I'm OK for the additional work, thanks.

After reviewing, would you please send this to linus as a part of fix 
for 4.12? Then I start to work for each of the longterms.

For this patch:
Cc: <stable@vger.kernel.org> # 4.9+

>> ========== 8< ----------
>>  From c8c7541f83913c98bb6f3774127a48c7998caca0 Mon Sep 17 00:00:00 2001
>> From: Takashi Sakamoto <o-takashi@sakamocchi.jp>
>> Date: Fri, 9 Jun 2017 07:40:05 +0900
>> Subject: [PATCH] ALSA: firewire-lib: Fix stall of process context on
>> local CPU
>>   with disabled IRQ at packet error
>>
>> At Linux v3.5, packet processing can be done in process context of ALSA
>> PCM application as well as software IRQ context for OHCI 1394. Below is
>> an example of the callgraph (some calls are omitted).
>>
>> ioctl(2) with e.g. HWSYNC
>> (sound/core/pcm_native.c)
>> ->snd_pcm_common_ioctl1()
>>    ->snd_pcm_hwsync()
>>      ->snd_pcm_stream_lock_irq
>>      (sound/core/pcm_lib.c)
>>      ->snd_pcm_update_hw_ptr()
>>        ->snd_pcm_udpate_hw_ptr0()
>>          ->struct snd_pcm_ops.pointer()

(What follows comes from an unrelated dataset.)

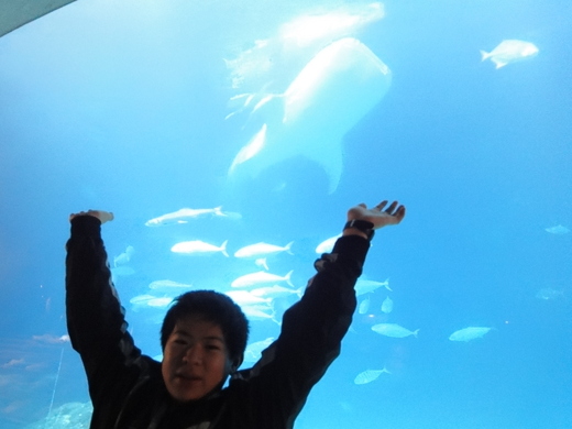 池中巨大的鯨鯊目測大約有五六公尺,據說還只是隻「鯨鯊寶寶」,將來牠可以長到十五公尺長哩!

>>          (sound/firewire/*)
>>          = Each handler on drivers in ALSA firewire stack
>>            (sound/firewire/amdtp-stream.c)
>>            ->amdtp_stream_pcm_pointer()

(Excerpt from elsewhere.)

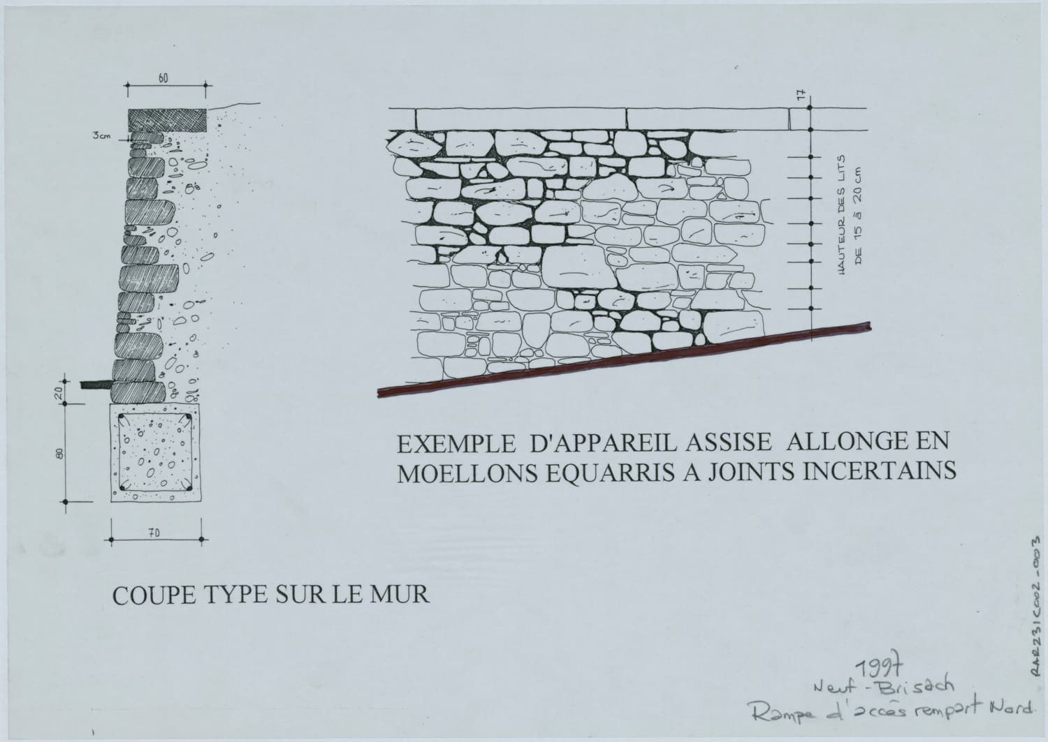Rampe d’accès du rempart nord, coupe type sur le mur et exemple d’appareil.

>>              (drivers/firewire/core-iso.c)
>>              ->fw_iso_context_flush_completions()
>>                ->struct fw_card_driver.flush_iso_completion()
>>                (drivers/firewire/ohci.c)
>>                = flush_iso_completions()
>>                  ->struct fw_iso_context.callback.sc
>>                  (sound/firewire/amdtp-stream.c)
>>                  = in_stream_callback() or out_stream_callback()
>>                    ->...
>>      ->snd_pcm_stream_unlock_irq
>>
>> When packet queueing error occurs or detecting invalid packets in
>> 'in_stream_callback()' or 'out_stream_callback()', 'snd_pcm_stop_xrun()'
>> is called on local CPU with disabled IRQ.
>>
>> (sound/firewire/amdtp-stream.c)
>> in_stream_callback() or out_stream_callback()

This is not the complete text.